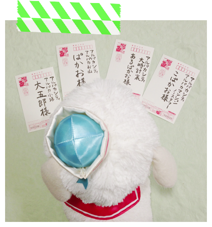 「アルパカシティでかくれんぼ」では、みなさんのアルパカ写真を募集しています。 ぬいぐるみでもポーチでもストラップでも、何でもオッケーです。もちろん本物のアルパカの写真や、アルパカのイラストでも構いません。 ・お名前(ハンドルネーム可) ・メールアドレス ・タイトル ・コメント(ブログURL等載せたい場合はこちらに) を記入の上、 pj.oc.oohay@obnerukak_edyticacapla までお送りください。※迷惑メール防止のため表示方向を反転しております。お手数ですが手入力お願いいたします。 お送りいただいた写真は、「アルパカシティでかくれんぼ」にて紹介させていただきます! ご注意: ・画像はご自身で撮影、制作されたものでお願いいたします。人物等プライバシーに関するものが写っている場合は、あらかじめ被写体等の了解を得た上でお送りください。 ・画像は長辺が500px以下になるサイズでお願いいたします。変更方法がわからない場合はこちらで対応しますので、その旨ご記入ください。 ・タイトル、コメント内に特殊な記号はなるべく使わないでください。 ・メールをいただいてから48時間以内に、受信確認のお返事をいたします。この返信メールが届かない場合は、記入もれもしくはメールサーバーの不具合等の可能性がございます。お手数ですが、再度お送りください。 |
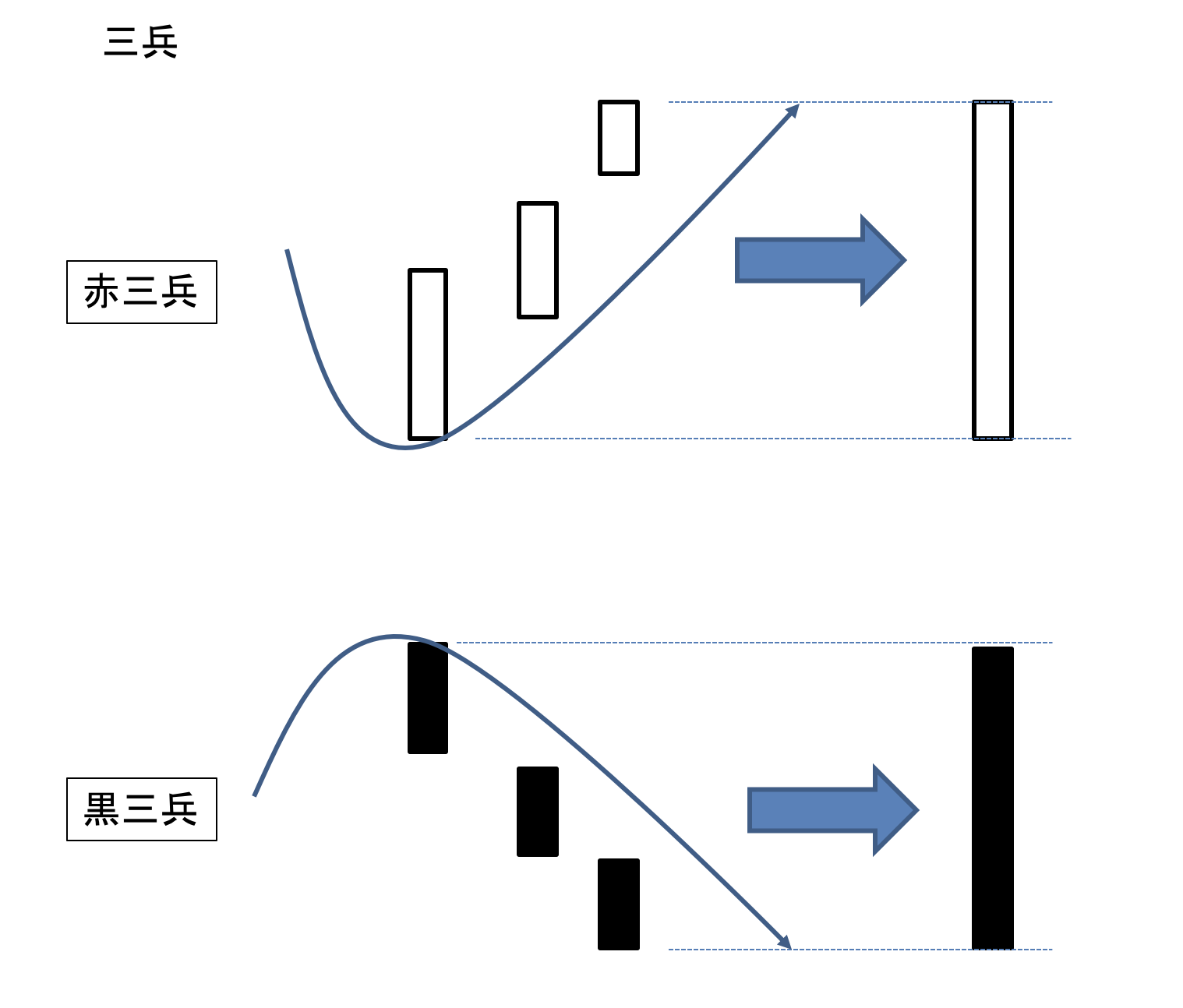 三兵 2017.11.25 さ 三兵陽線3本の並びを赤三兵。陰線3本の並びを黒三兵、もしくは三羽烏という。 この記事を読んだ方には次の記事もオススメです! 用語解説16 「三兵」 動画で三兵について解説しています!
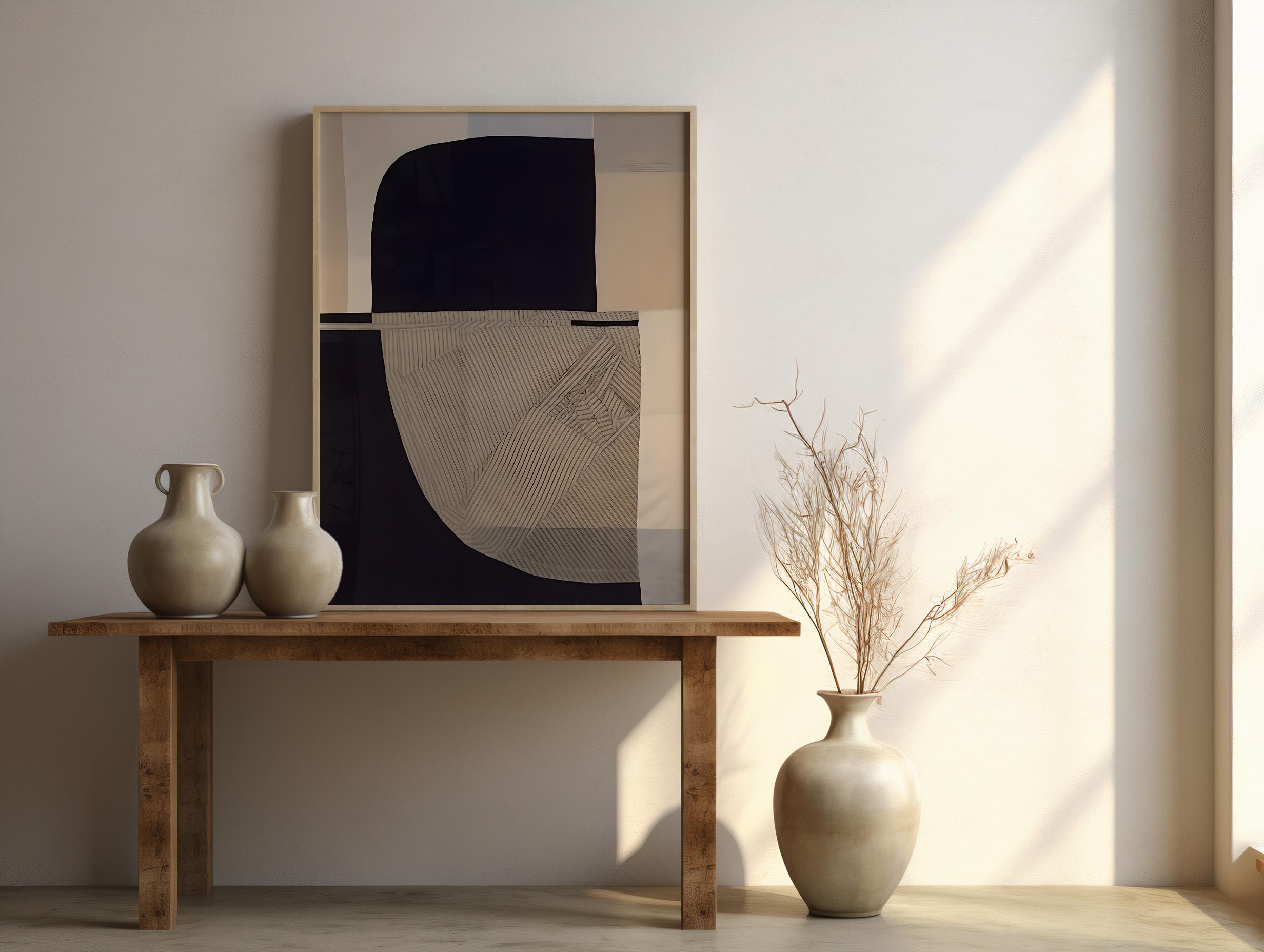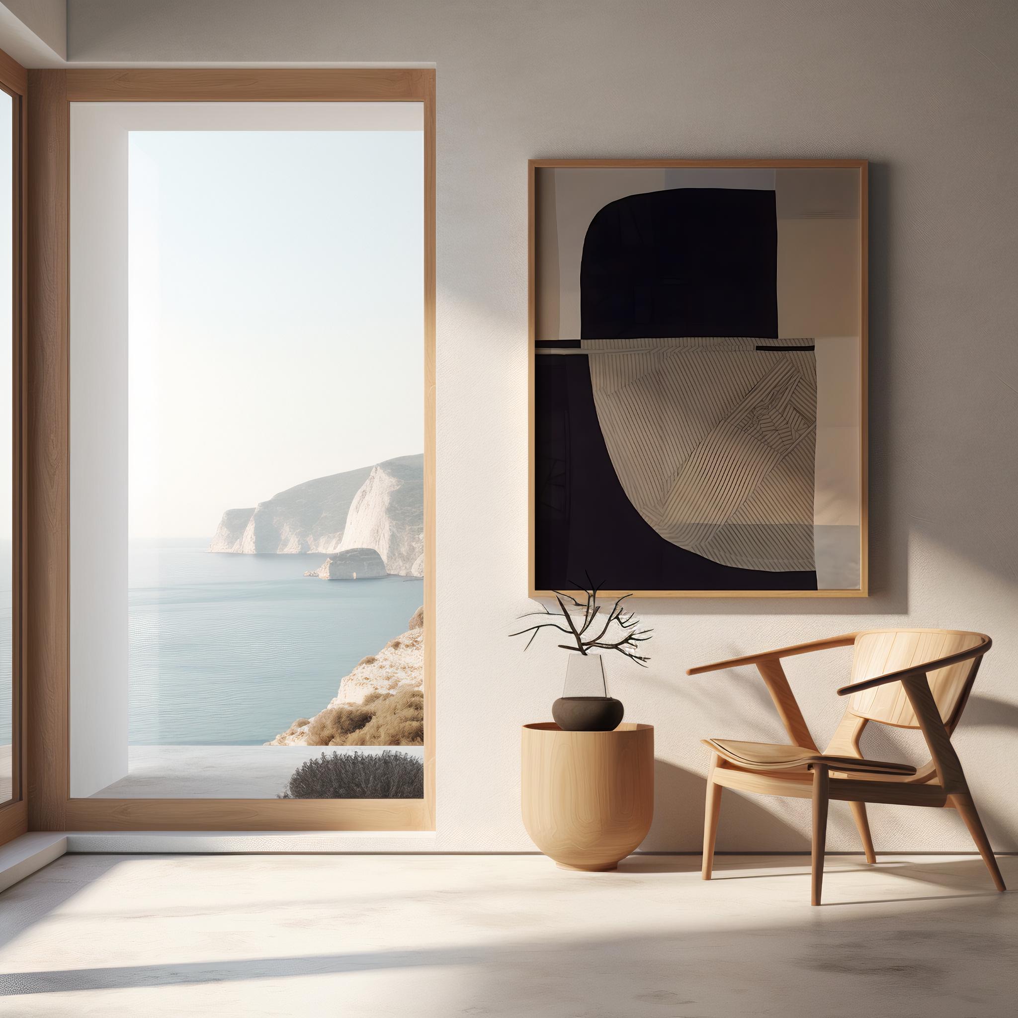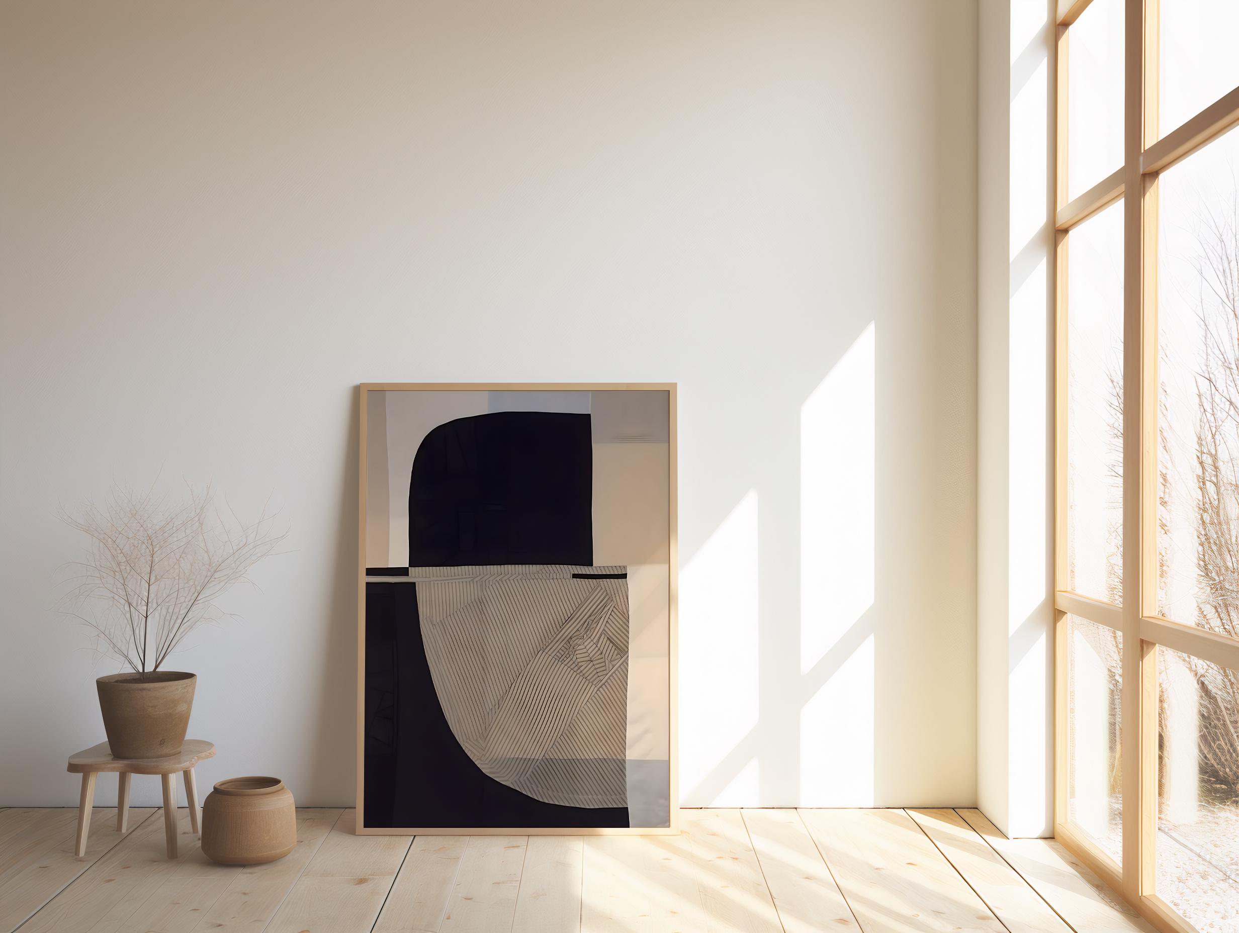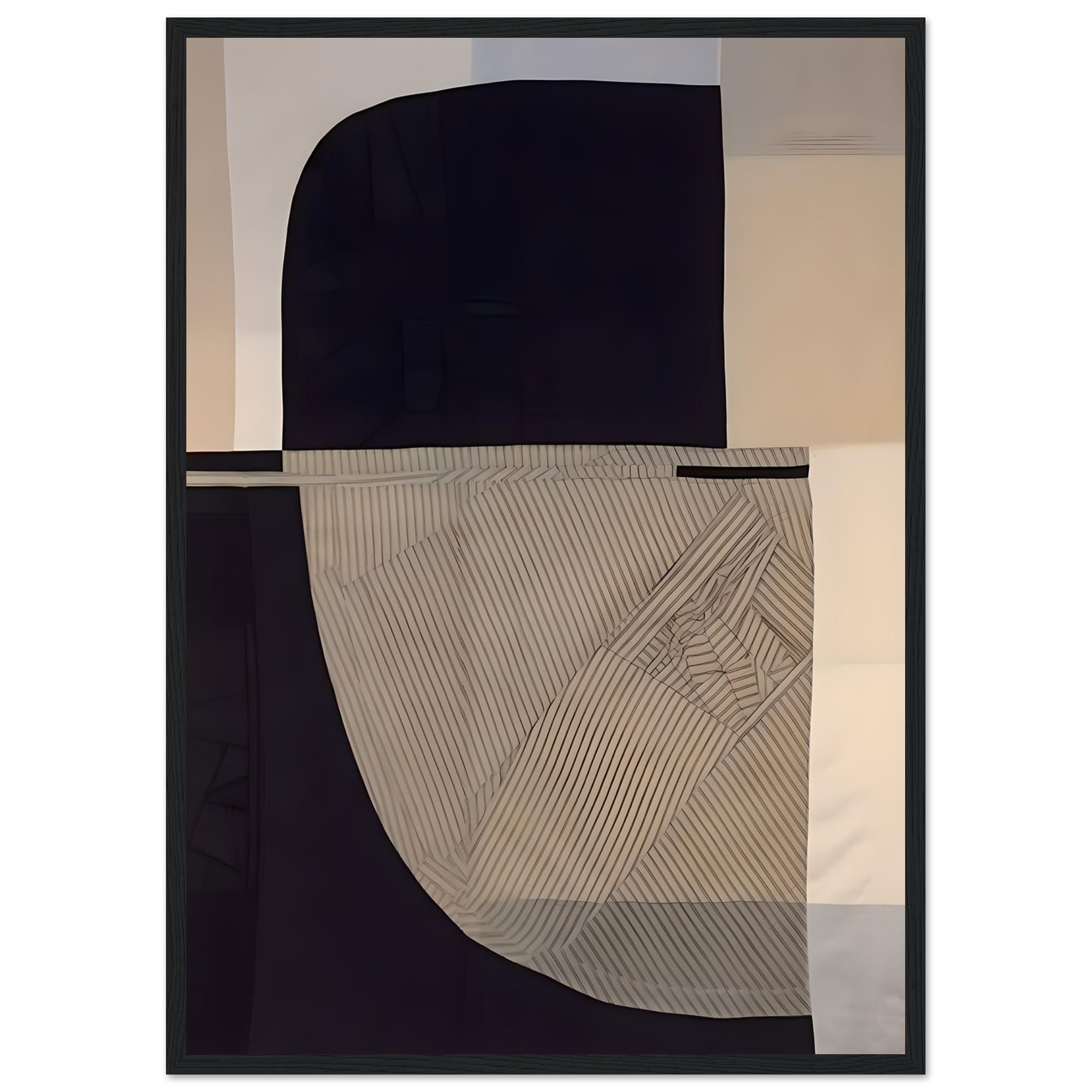 Elevate your space with this geometric navy and beige abstract framed poster. Clean lines, layered shapes, and a refined neutral palette create a sophisticated, architectural aesthetic. Printed on 200gsm museum-quality matte paper and framed in a sleek pine wood frame with shatterproof plexiglass, this piece arrives ready to hang and instantly enhances any modern interior.

----

_What you need to do_.
Copy exactly, please, the lines that run from the line holding "三兵 2017.11.25 さ" through the closing line of the material above, omitting every picture.

_Your solution_.
 三兵 2017.11.25 さ 三兵陽線3本の並びを赤三兵。陰線3本の並びを黒三兵、もしくは三羽烏という。 この記事を読んだ方には次の記事もオススメです! 用語解説16 「三兵」 動画で三兵について解説しています!
 Elevate your space with this geometric navy and beige abstract framed poster. Clean lines, layered shapes, and a refined neutral palette create a sophisticated, architectural aesthetic. Printed on 200gsm museum-quality matte paper and framed in a sleek pine wood frame with shatterproof plexiglass, this piece arrives ready to hang and instantly enhances any modern interior.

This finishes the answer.